At issue in the case are provisions of Illinois’ Leveling the Playing Field legislation that became effective January 1, 2021. PetMeds claims the provisions discriminate against interstate commerce, impose an undue burden on interstate commerce, and discriminate against certain types of taxpayers.
PetMeds’ claim centers on 35 ILCS 120/2-12(6), which created “destination sourcing” rules that apply only to remote retailers that do not have a physical presence in Illinois. Remote retailers must charge state and local taxes in effect at each location where their items are shipped or delivered.
Illinois retailers, meaning retailers that have a physical presence in the state, continue to use “origin sourcing” rules. Under origin sourcing, the tax rate charged is based on where the retailer’s predominant and most important selling activities take place. This can include the location of order and payment acceptance or where inventory is held, including “brick and mortar” stores. If the composite of selling activities occurs outside Illinois, Illinois retailers are only responsible for reporting state use tax at 6.25% on their sales to Illinois customers.

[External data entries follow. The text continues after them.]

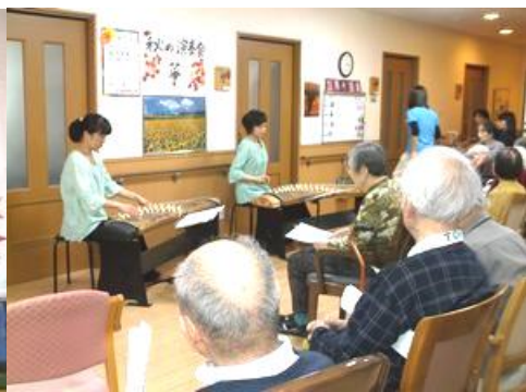
生のお箏の音色に皆さん感動しておられました。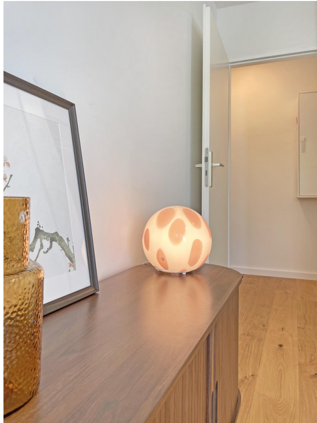
Wohnzimmer und Flur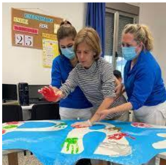
CERMI-A CONTINÚA CON SU CAMPAÑA POR UNA FINANCIACIÓN ADECUADA DE LOS CENTROS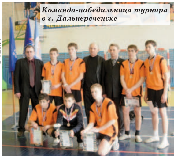
Команда-победительница турнира в г. Дальнереченске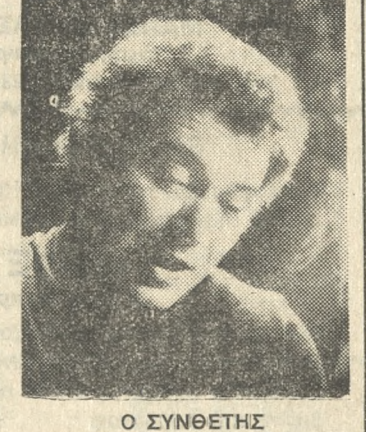
Ο ΣΥΝΘΕΤΗΣ ΓΙΩΡΓΟΣ ΚΡΙΜΙΖΑΚΗΣ

Το δημοκρατικό και πνευματικό 'Ηρακλείο μέσα από το Διδακτικό Συμβούλιο και το Δήμαρχο του κ. Καρέλλη τιμά αύριο βράδυ τον πνευματικό άνθρωπο, το μεγάλο οραματιστή και στοχαστή, τον ποιητή Γιάννη Κουτσοχέρα.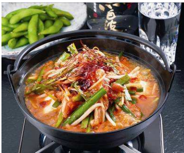
＜激辛純和鶏チゲ＞※二の酉

この機会に是非、養老乃瀧にご来店頂き、養老乃瀧グループだからこそ提供が可能な低価格高品質のお料理とお酒をお楽しみ下さい。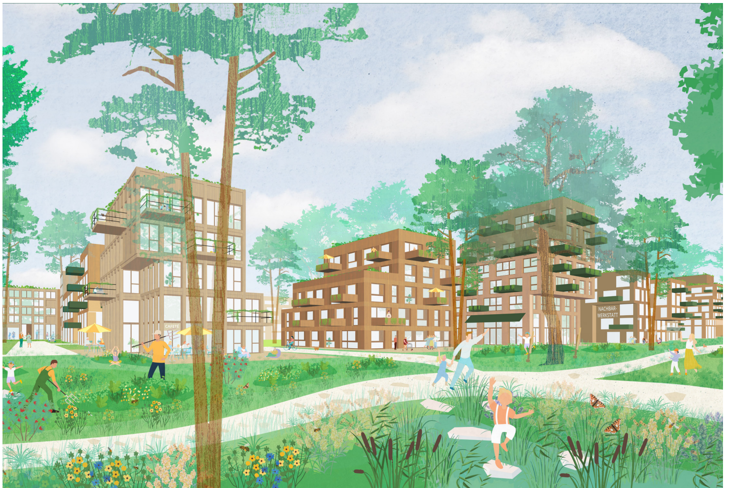
Waldgrundstück: offene Baublöcke mit terrasierten Reihen und gestuften Punkthäusern am Schmöckpühlgraben und Wald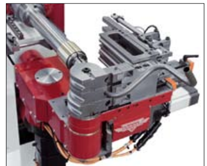
Herber 75/150 S with extra equipment for free programmable automatic tool change and free radius bending.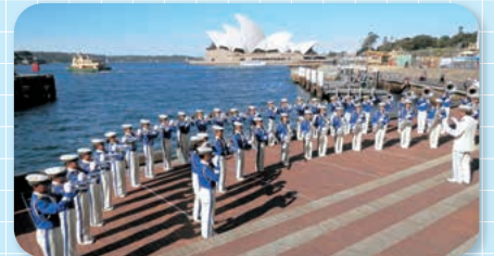
大洗高校 普通科音楽コース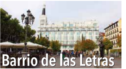
Barrio de las Letras

Chueca & Fuencarral: 这一地带以马德里的性少数群体社区闻名, 并成为大众休闲娱乐的焦点之一。如今, 这里已成为马德里著名的商业区之一, 这里开放自由, 集合着现代社会多种文化、时尚潮流始终是这一区的主流。Malasaña & Triball: Gran Vía, Fuencarral 和 Corredera Baja de San Pablo 这三条街围城了一个三角形综合商业区: 这里是购物、美食和文化的集合。Salesas: 这一区集中了一系列高端知名品牌, 同时店员服务周到细致。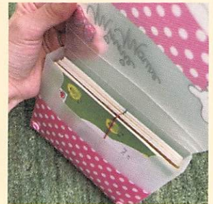
ハガキを収めるプラスチックケースは、100円ショップなどで購入可能です！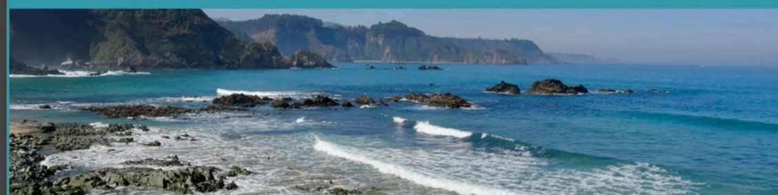
Playa de Las Llanas desde el Mirador de los Glays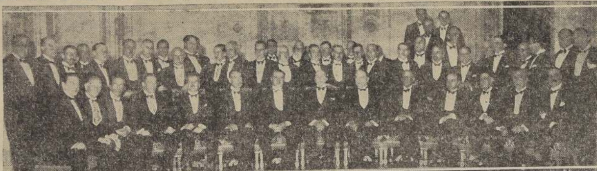
Asistentes al banquete ofrecido ayer en el Club de la Unión por los delegados de la Comisión Comercial peruana, que se encuentran en esta capital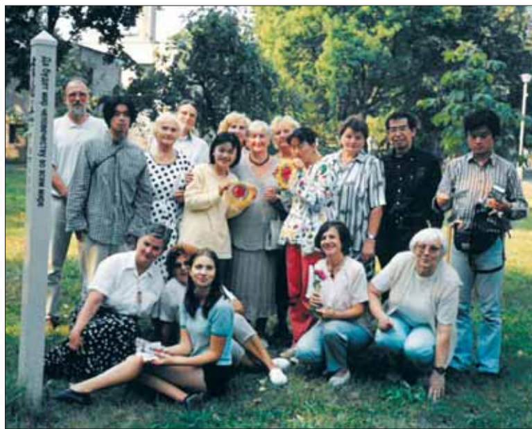
Atsisveikinimo akimirka 2002 08 16.

Tais metais Lietuvoje buvo pastatyti šeši taikos stulpai. 2001 m. –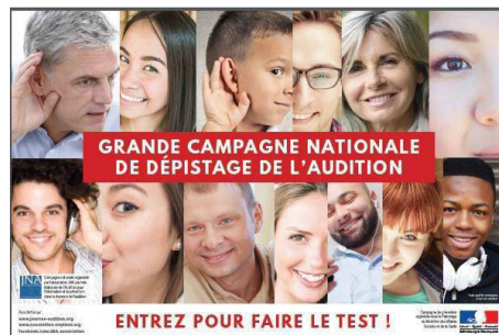
Affiche de la Campagne de dépistage auditif 3 e Edition 2019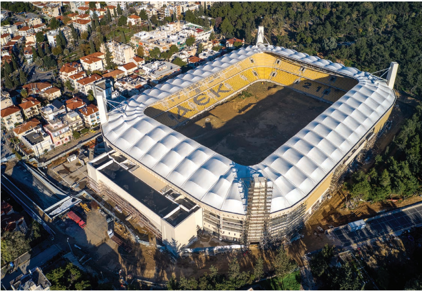
Στην «OPAP Arena» ο τελικός του Κόνφερενς Λιγκ το 2024

«Με το μαχαίρι στα δόντια» το μήνυμα του Σωκράτη εν όψει της «μάχης» με τους «πράσινους»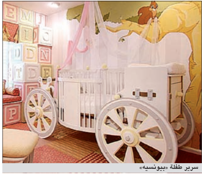
سرير طفلة «بيونسيه»

ويضيف أن هذا النظام سيعتمد على المدى الطويل في «الكمبيوترات المحملة والأجهزة اللوحية»، في تطبيقات لا تخاطر على بال.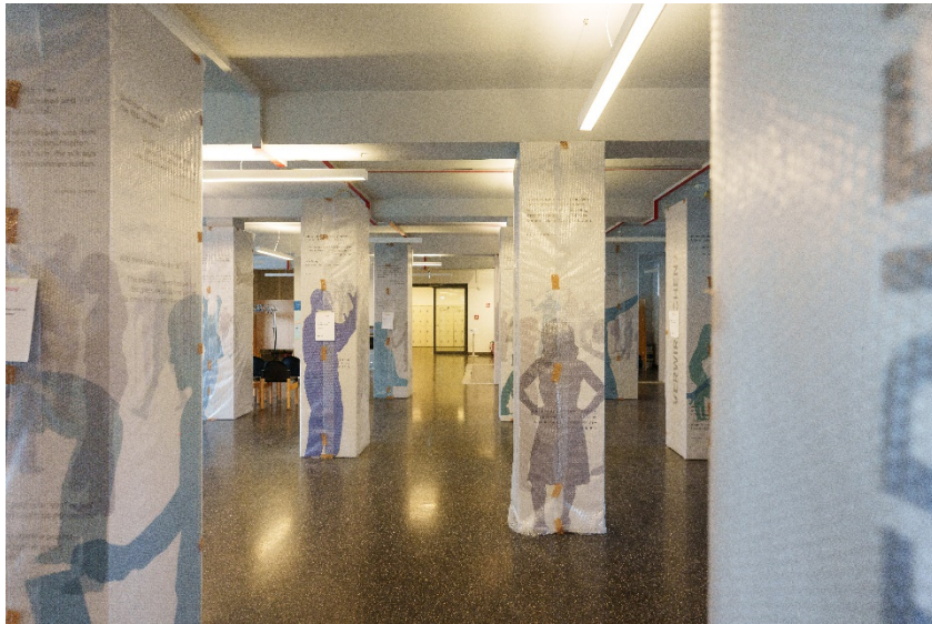
Noch sind die Säulen im Foyer verpackt, zur Eröffnung werden sie ausgepackt und laden die Besucher zur Selbstreflexion ein.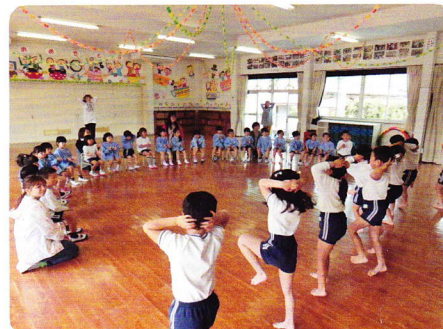
かんげいかい 4月21日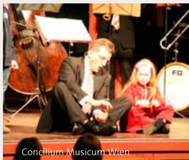
Concilium Musicum Wien

Eine kleine Melodie geht mit Sängern und Instrumentalisten des Concilium musicum Wien auf Reisen. Dabei erlebt sie eine ganze Menge. Mal ist sie sehr schnell unterwegs und mal ganz langsam, mal hüpfert sie hoch hinauf und dann wieder ganz tief hinunter. Die Vögel zwitschern und Pferdegetrappel ist zu hören. Die kleine Melodie trifft unterwegs auch andere Melodien. Mit einigen tanzt sie gemeinsam und verwandelt sich dabei ganz plötzlich in einen Marsch, in einen Walzer, in eine Polka. Andere Melodien erzählen von ihren Erlebnissen z. B. von Handwerkern und dem Postillon. Ganz nebenbei werden den Kindern dabei Takt, Rhythmus, Tonhöhen und die verschiedenen Instrumente erklärt. Am Ende findet die kleine Melodie sogar neue Freunde, wenn die Kinder anfangen, mit Hilfe der lebendigen Tonleiter neue, eigene Melodien zu erfinden.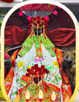
เจ้าแม่กวนอิมฮ่องฮำ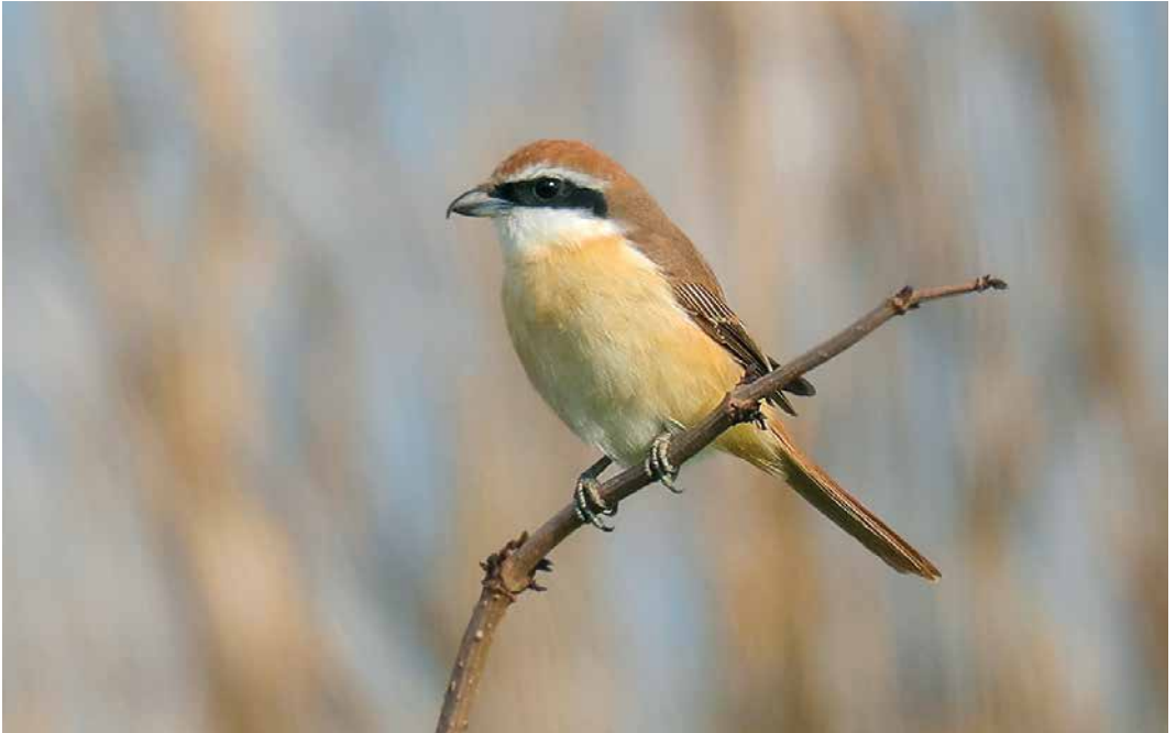
235 Brown Shrike / Bruine Klauwier Lanius cristatus , adult male, Great Cowden, East Yorkshire, England, 11 May 2019 (Graham Jepson)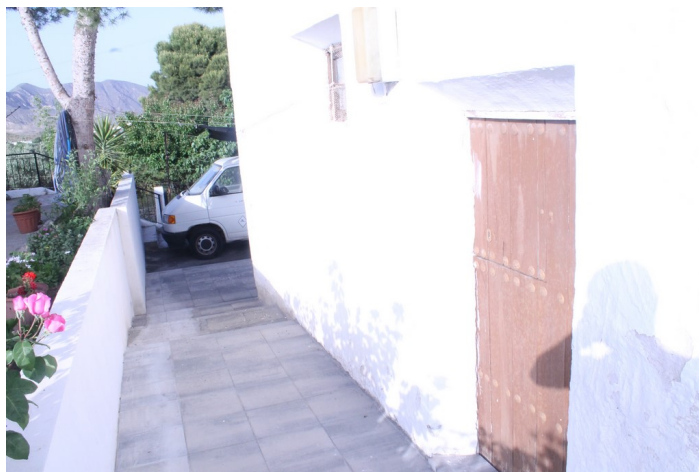
Puerta de acceso a la Ermita de El Llano de Don Antonio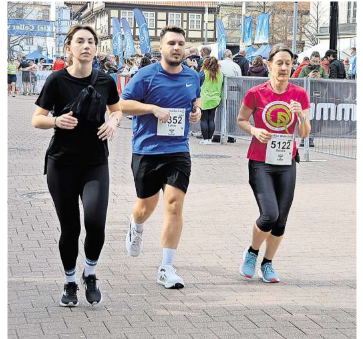
Über 8.000 Teilnehmerinnen und Teilnehmer waren am vergangenen Sonntag beim Wasa-Lauf dabei.

über 2,5 Kilometer, 5 Kilometer, 10 Kilometer, 15 Kilometer sowie der Hauptlauf über 20 Kilometer. Zusätzlich wurden auch Walking- und Nordic-Walking-Strecken sowie ein Staffellauf über 20 Kilometer angeboten. Besonders beliebt ist der Mini-Wasa-Lauf für Kinder und Jugendliche. Hier konnten junge Läufer erste Wettkampferfahrungen sammeln und unter dem Applaus der Zuschauer ihre Strecken bewältigen. Viele Eltern begleiteten ihre Kinder zum Start und warteten gespannt im Zielbereich, um sie dort zu empfangen. Für viele Familien gehört dieser Lauf inzwischen fest zum Jahresprogramm.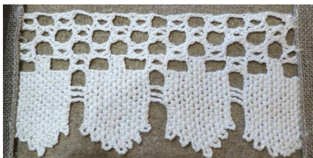
Fig. 16. P2-108. Uddspets med inspiration från knyppling.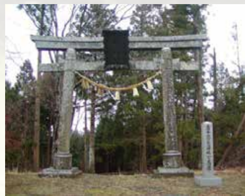
一ノ鳥居:金華山という神域への入り口として重要視されていた。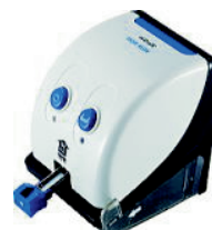
※ステープラー針の充填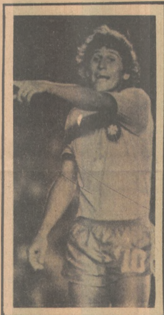
Zico na ponta direita

— Acho que todos nós temos que nos sacrificar em prol do que for o melhor para o Brasil. Aceito até mesmo jogar na ponta direita caso seja necessário. Também concordo que o nosso time se movimentou bem mais depois que passei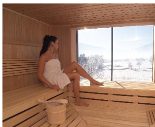
... mit Sauna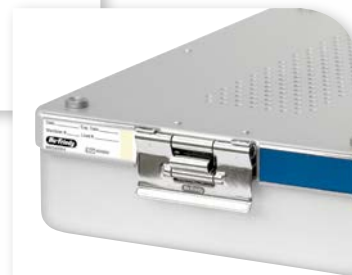
インジケーターカード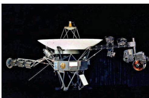
▲NASA發錯指令，導致「旅行者2號」天線向外傾斜。

絡和無線電科學小組幫忙聆聽「旅行者2號」的音訊，結果「聽到從這艘太空船發出的「心跳」信號（即載波信號）」，表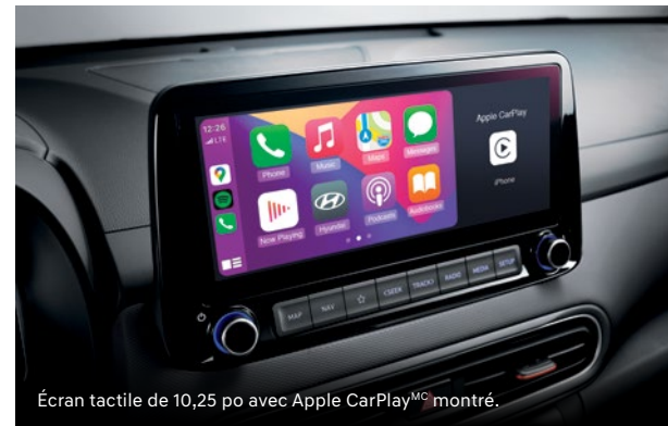
Écran tactile de 10,25 po avec Apple CarPlay MC montré.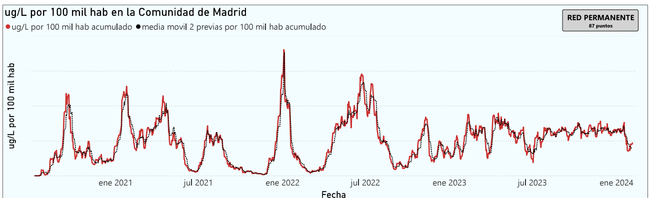
Gráfico 1. Evolución general de la Comunidad de Madrid

*En periodos de lluvia los resultados en el agua residual pueden verse afectados por la dilución de las aguas.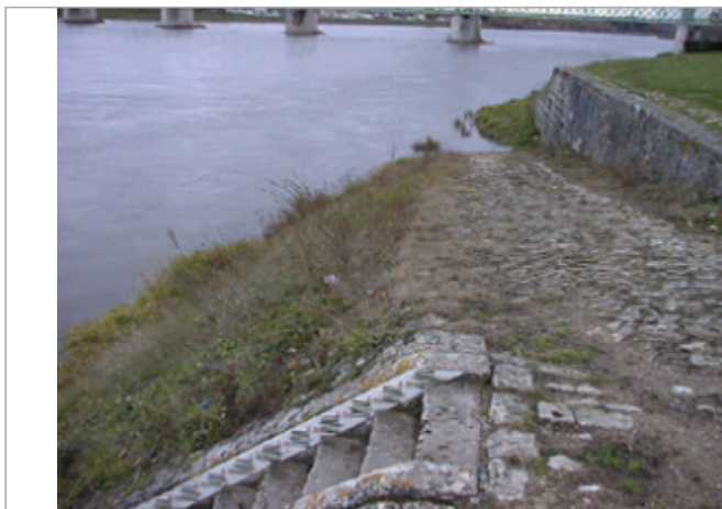
Vue du site BDHE 93 point de repère 124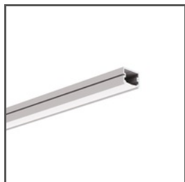
TAPO A01919 Ref. arch C1919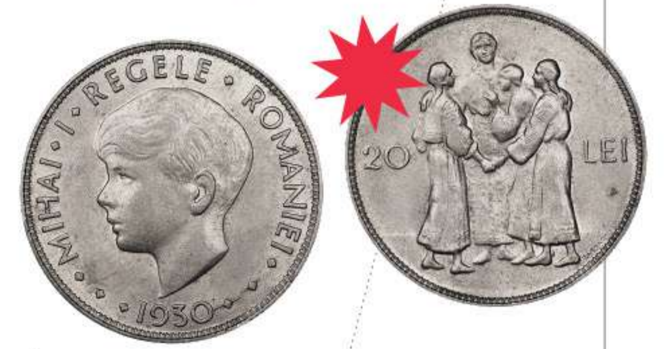
Королевство Румыния. Михай I. 20 леев. Латунь. 1930 г.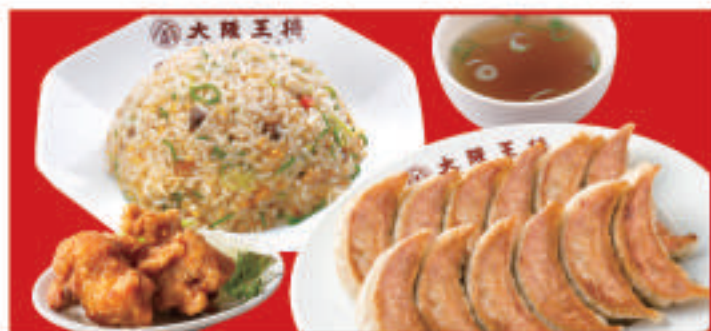
餃子セットダブル 1,460円(税込)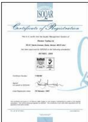
Certifikát splnění směrnice ISO 9001:2000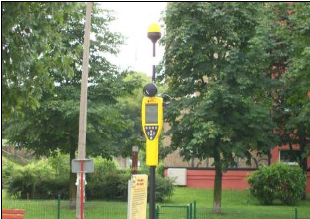
Fot. 4. Przyrząd pomiarowy w trakcie wykonywanego badania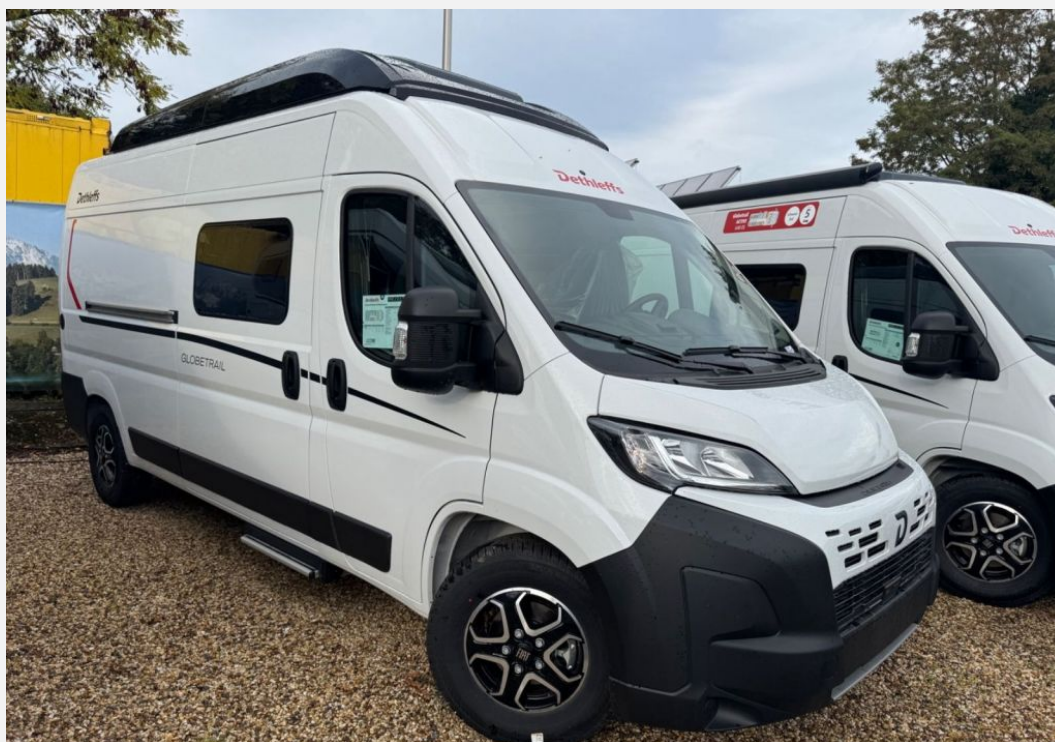
Originalbilder vom angebotenen Fahrzeug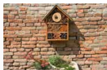
Nabídnout hmyzu místo pro život: pomoc při hnízdění

Druh, vlastnosti, nároky, původ a použití rostlin je nevyčerpatelné téma: spolehlivé a tradiční rostliny, ozdobné rostliny, bylinky, léčivky, zelenina, ovoce, vonící rostliny, aromatické rostliny, rostliny pro motýly, jednoleté a dvouleté rostliny.

35 ILCS 120/2-12(6) creates new destination sourcing rules that apply only to remote retailers. Thus, remote retailers like PetMeds are responsible for reporting up to 1,500 taxing jurisdictions with rates exceeding 10%. Illinois retailers with an in-state presence are categorically excluded from this administrative burden and may only be responsible for reporting use tax at 6.25%. PetMeds claims this system caused its compliance costs to rise substantially compared to Illinois retailers. The Commerce Clause of the U.S. Constitution specifically regulates discrimination in instances where interstate commerce appears to be impaired.
PetMeds also claims that the Illinois regime creates an undue burden on interstate commerce. In Wayfair, the Supreme Court noted that South Dakota was a member of the Streamlined Sales and Use Tax Agreement (SSUTA). The Court noted that SSUTA requires a single, state-level tax administration, uniform definitions of products and services, simplified tax rate structures, and other uniform rules. It also provides retailers access to tax administration software paid for by the state.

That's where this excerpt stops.